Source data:
○ ○ ○

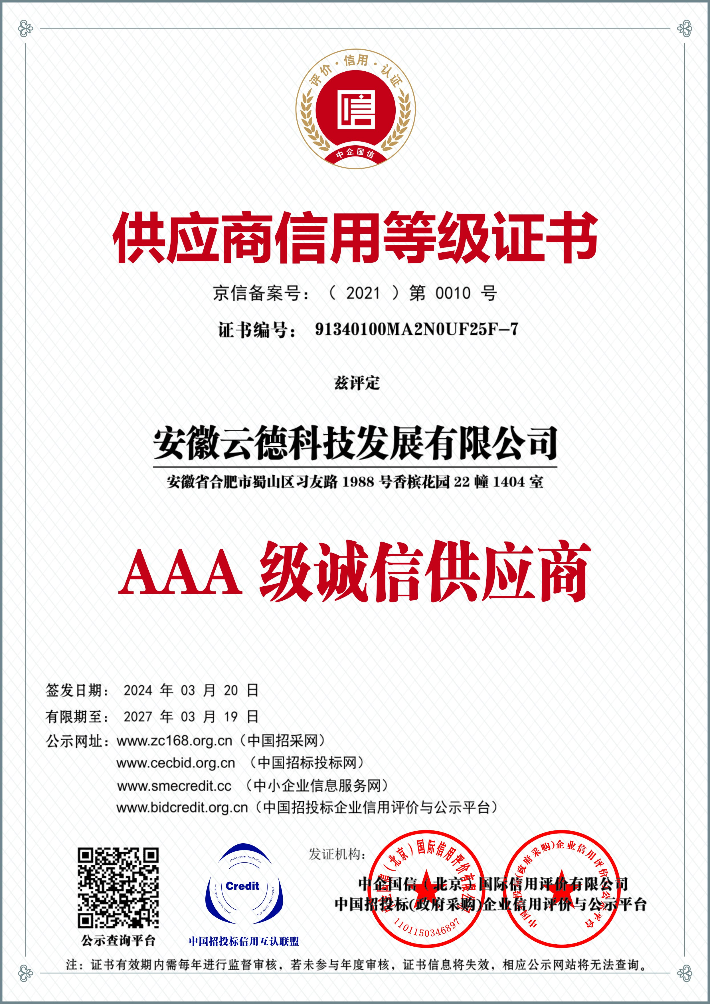 供应商信用等级证书
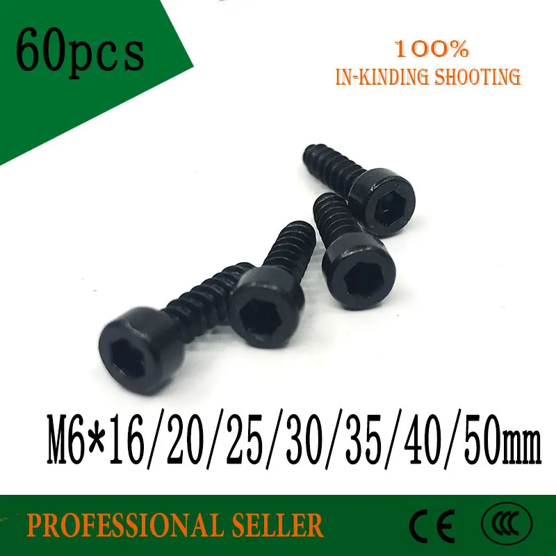 60 шт. M6 * 16/20/25/30/35/40/50/60 мм углеродного Сталь с черный с шестигранной Кепки головы саморез модель M6 винт
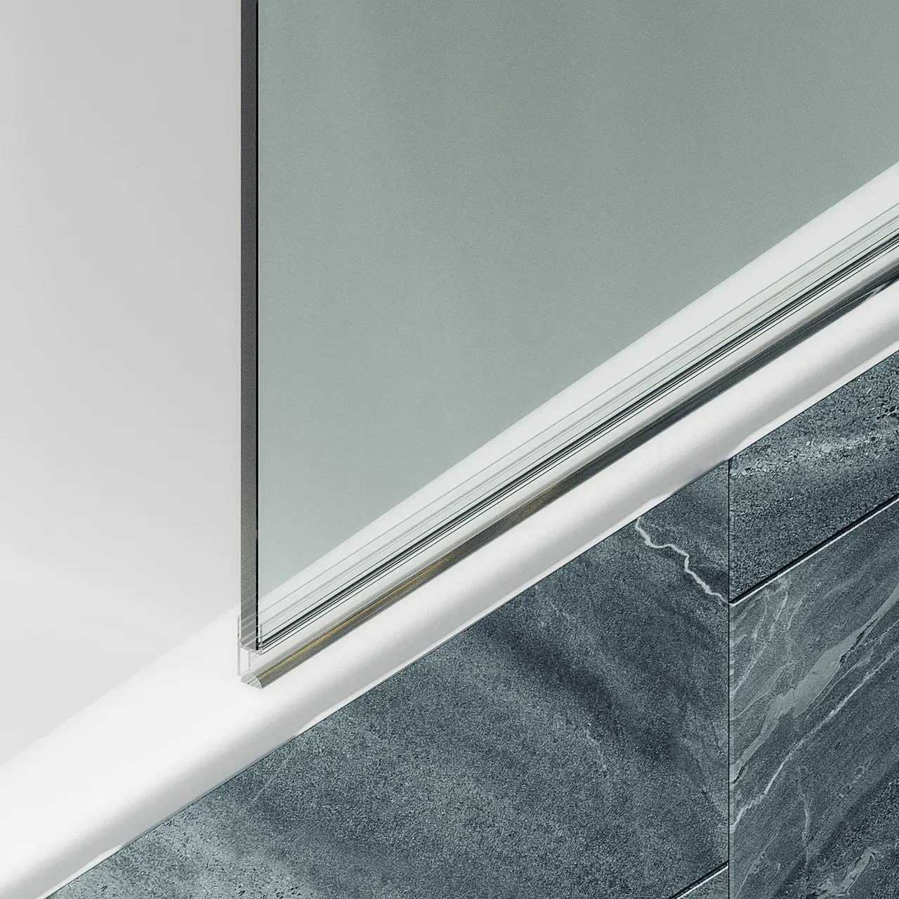 Монтаж осуществляется с помощью алюминиевого профиля, что обеспечивает надежность крепления и безопасность использования стеклянной перегородки для ванной. Также, шторка оснащена специальным уплотнителем, который предотвращает попадание воды на пол ванной комнаты, а также поворотным механизмом, что облегчает уход за сантехникой и делает использование ширмы максимально комфортным. Закаленное стекло, цвет Бесцветный, толщина 6 мм 1400х640 мм - 1 шт.
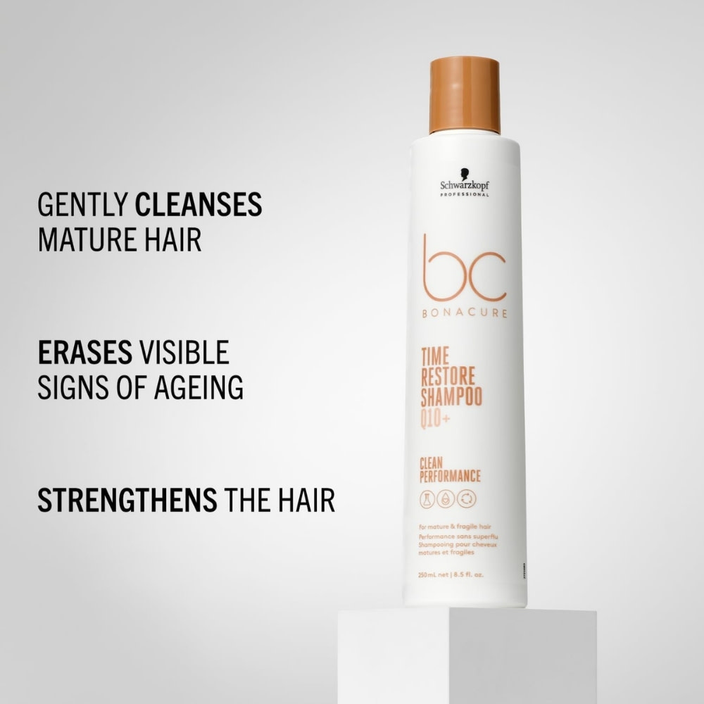 Avec le temps, l’épuisement des réserves de kératine rend la structure capillaire plus poreuse. Le shampoing anti-âge "Time Restore" de Bonacure par Schwarzkopf Professional répond à cette problématique en relançant la synthèse de cette protéine essentielle.
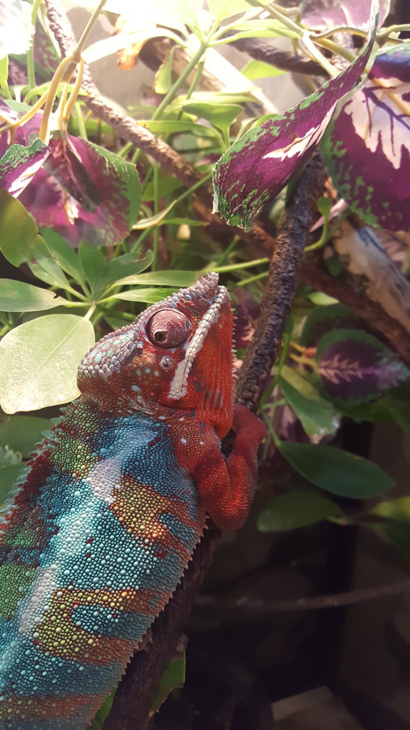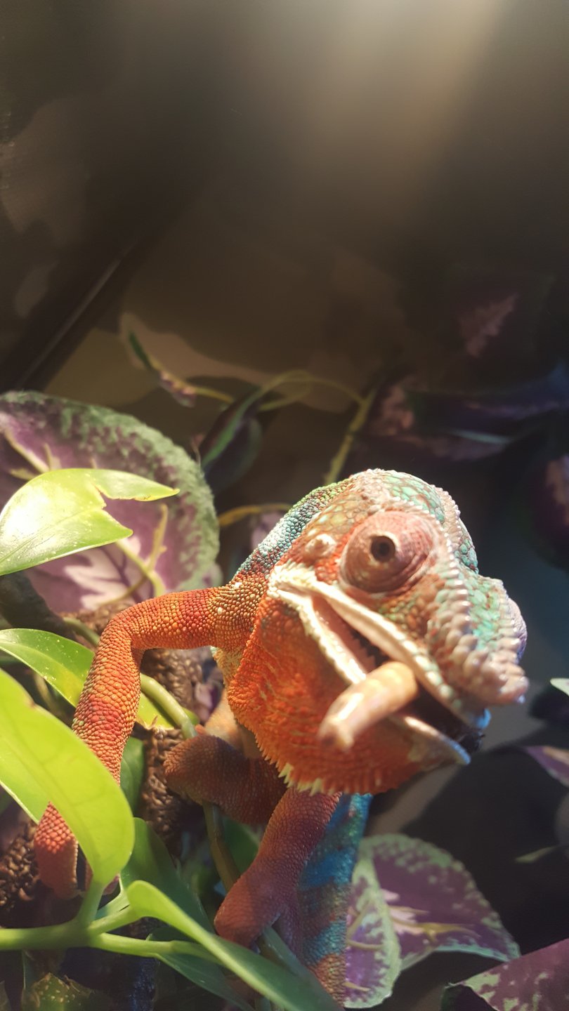 My panther chamelion is about 2yrs old. He just developed a small hard bump on his face. I noticed it after his most recent she'd. I have no idea what it could be. He eats well and moves around well. Diet of crickets and superworms with horn worms every once in awhile. Dust food with d3 mixed with multivitamin. Thanks for ant help. It's the bump under his eye. First pic is last week and one with worm in mouth is today. He finished his she'd last week
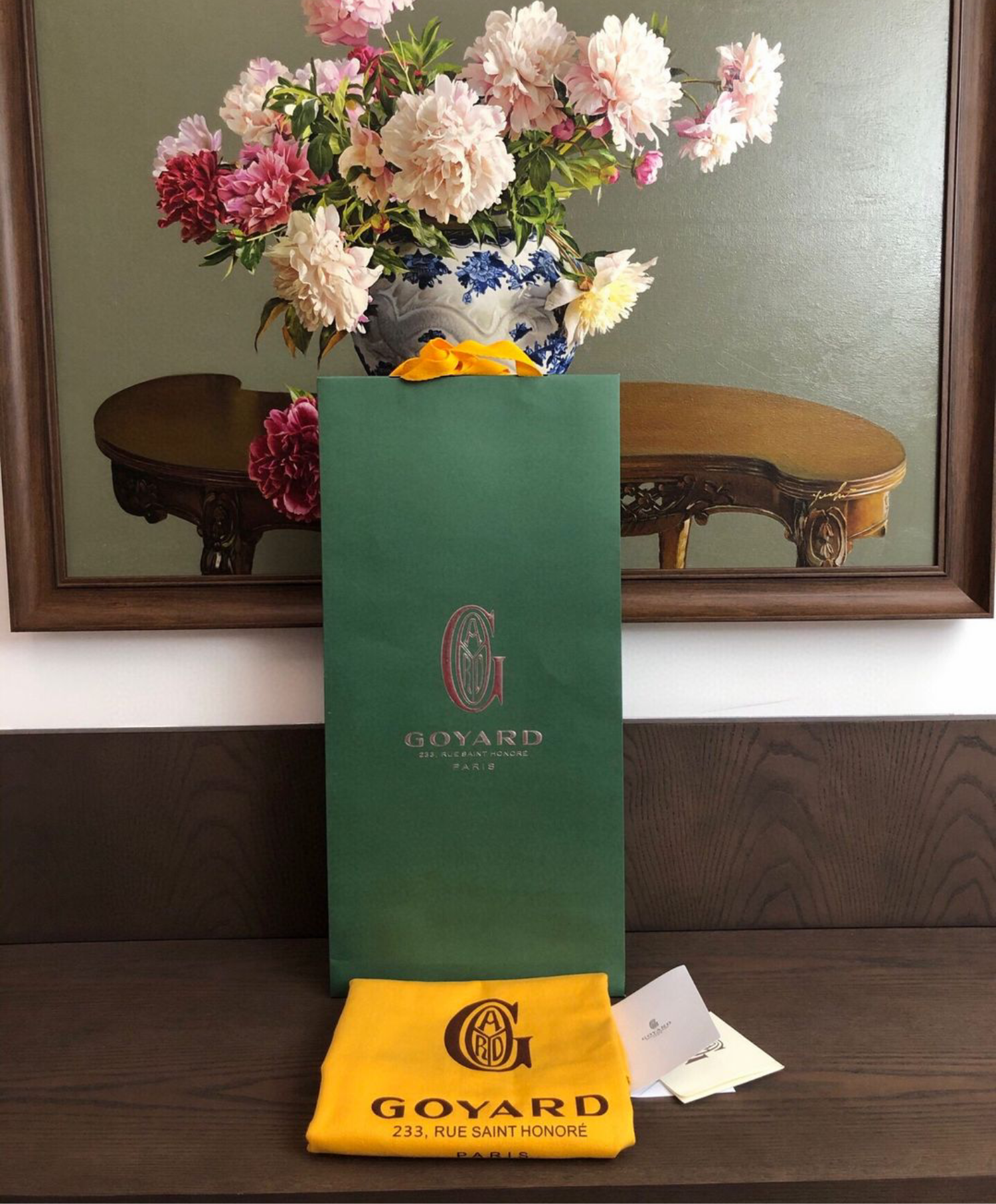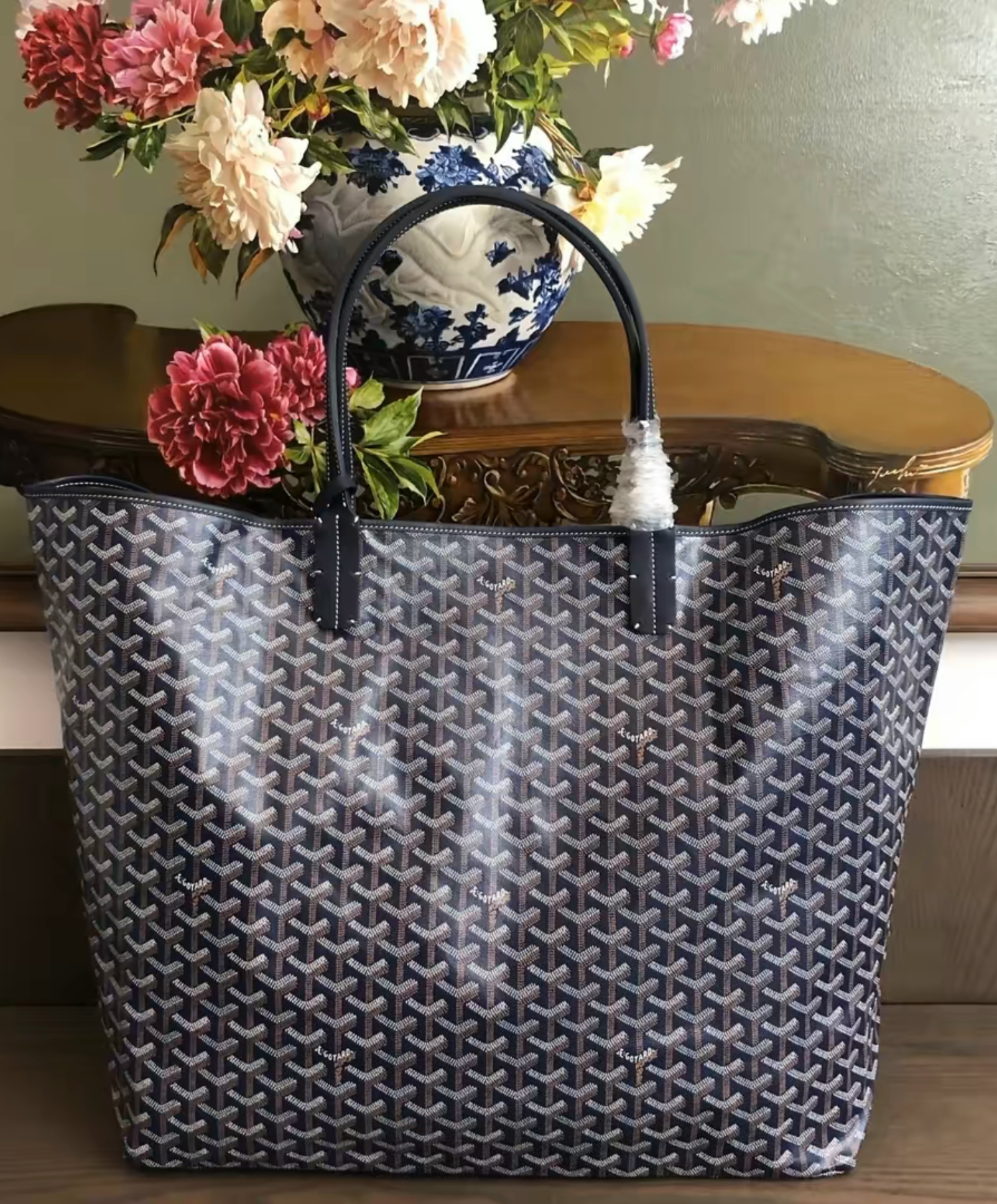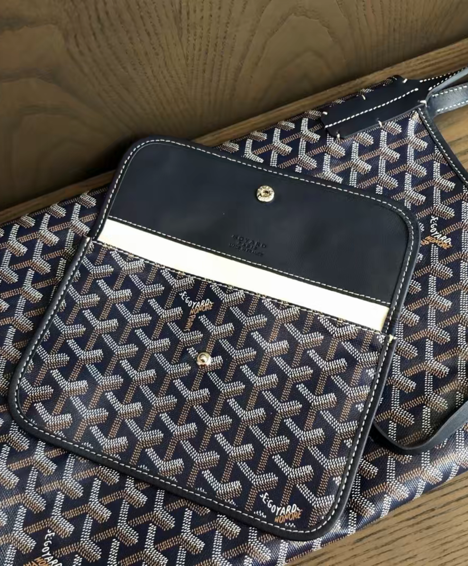 The Saint Louis GM bag is made from Goyardine and is unlined. It is extremely light and completely reversible. Wear it showing the Goyardine fabric or inside out, showing the linen and cotton mix. Its two leather handles with their progressive thickness mean it can be worn in different ways. It has a removable inside pocket attached to one of the handles for quick and easy access.
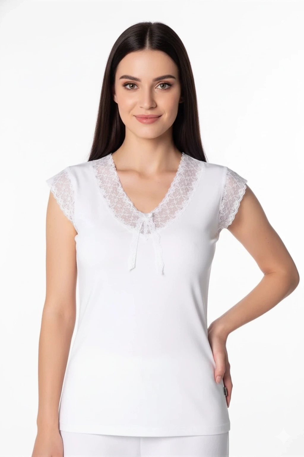 Kadın Dantelli Taşlı Yarım Kollu Atlet B636
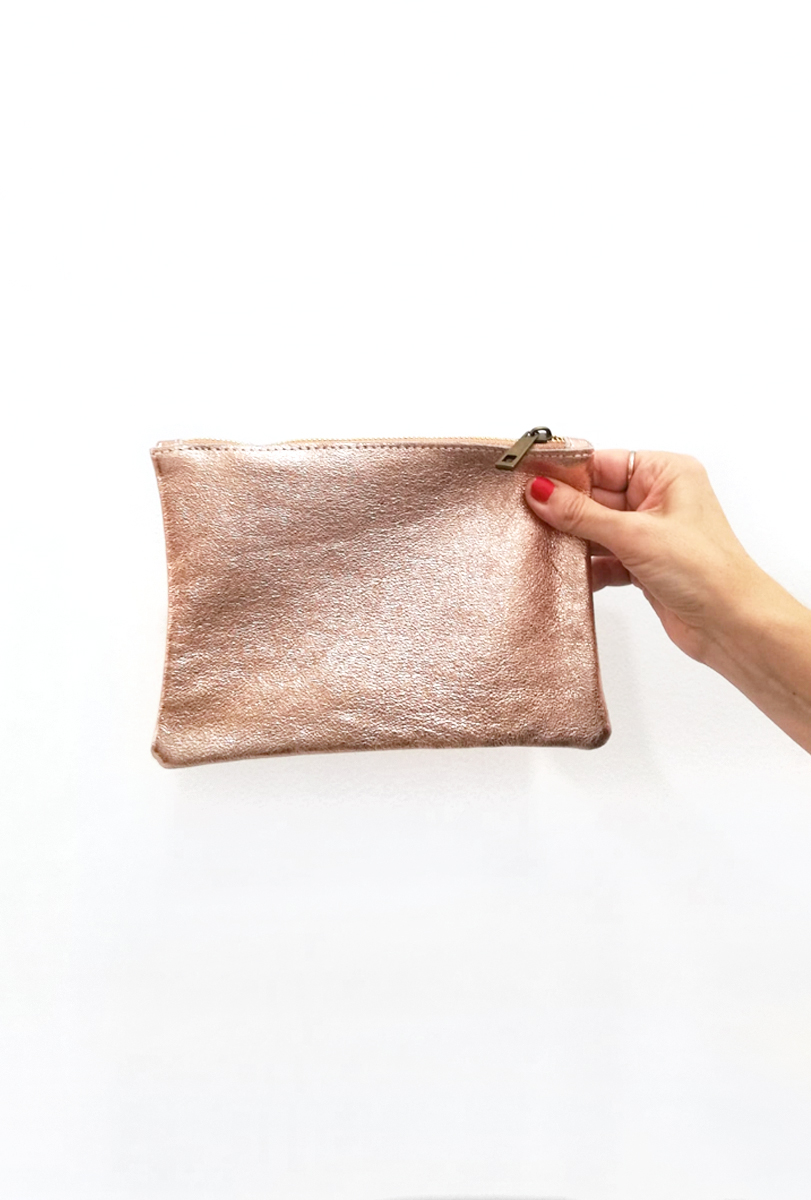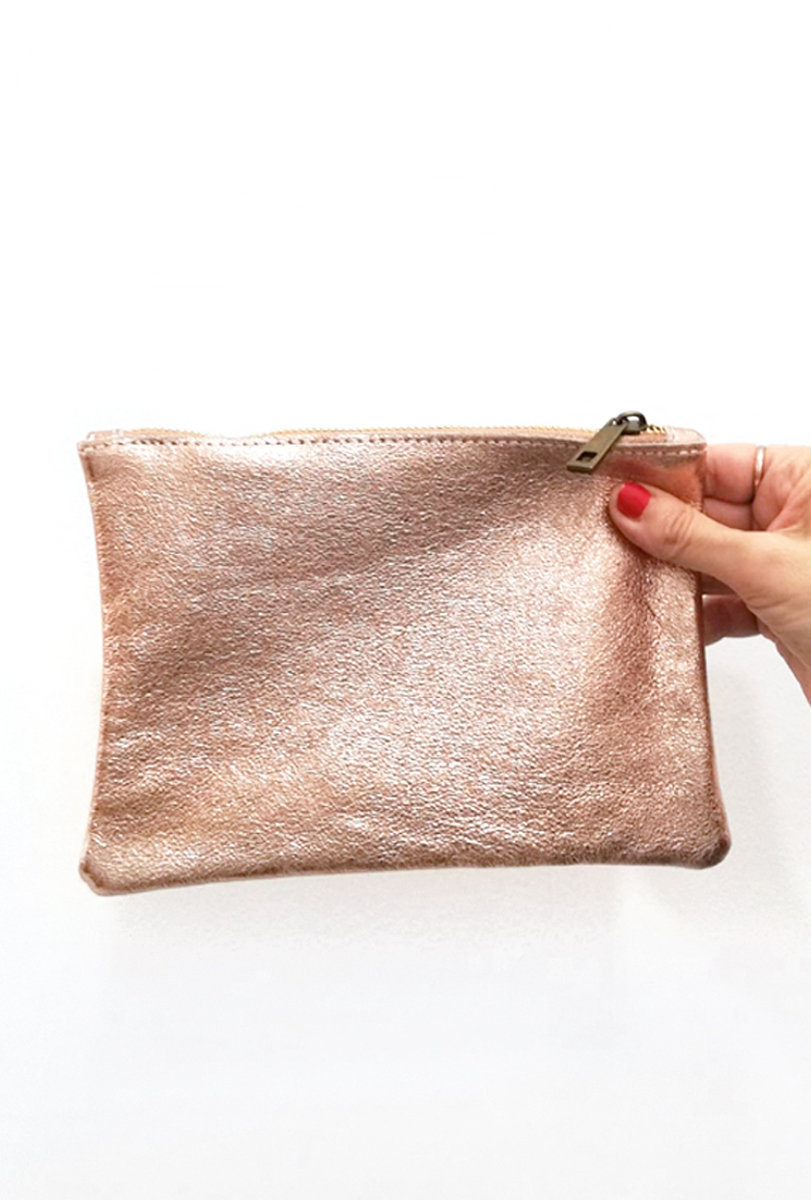 Neceser rosa palo Milo de efecto gliter con cremallera en tono dorado y un único departamento interior.

○ ○ ○

#### [Brief]
Repeat each entry above exactly. Omit the pictures.

#### [Solution]
 供应商信用等级证书
 60 шт. M6 * 16/20/25/30/35/40/50/60 мм углеродного Сталь с черный с шестигранной Кепки головы саморез модель M6 винт
 Монтаж осуществляется с помощью алюминиевого профиля, что обеспечивает надежность крепления и безопасность использования стеклянной перегородки для ванной. Также, шторка оснащена специальным уплотнителем, который предотвращает попадание воды на пол ванной комнаты, а также поворотным механизмом, что облегчает уход за сантехникой и делает использование ширмы максимально комфортным. Закаленное стекло, цвет Бесцветный, толщина 6 мм 1400х640 мм - 1 шт.
 Avec le temps, l’épuisement des réserves de kératine rend la structure capillaire plus poreuse. Le shampoing anti-âge "Time Restore" de Bonacure par Schwarzkopf Professional répond à cette problématique en relançant la synthèse de cette protéine essentielle.
 My panther chamelion is about 2yrs old. He just developed a small hard bump on his face. I noticed it after his most recent she'd. I have no idea what it could be. He eats well and moves around well. Diet of crickets and superworms with horn worms every once in awhile. Dust food with d3 mixed with multivitamin. Thanks for ant help. It's the bump under his eye. First pic is last week and one with worm in mouth is today. He finished his she'd last week
 The Saint Louis GM bag is made from Goyardine and is unlined. It is extremely light and completely reversible. Wear it showing the Goyardine fabric or inside out, showing the linen and cotton mix. Its two leather handles with their progressive thickness mean it can be worn in different ways. It has a removable inside pocket attached to one of the handles for quick and easy access.
 Kadın Dantelli Taşlı Yarım Kollu Atlet B636
 Neceser rosa palo Milo de efecto gliter con cremallera en tono dorado y un único departamento interior.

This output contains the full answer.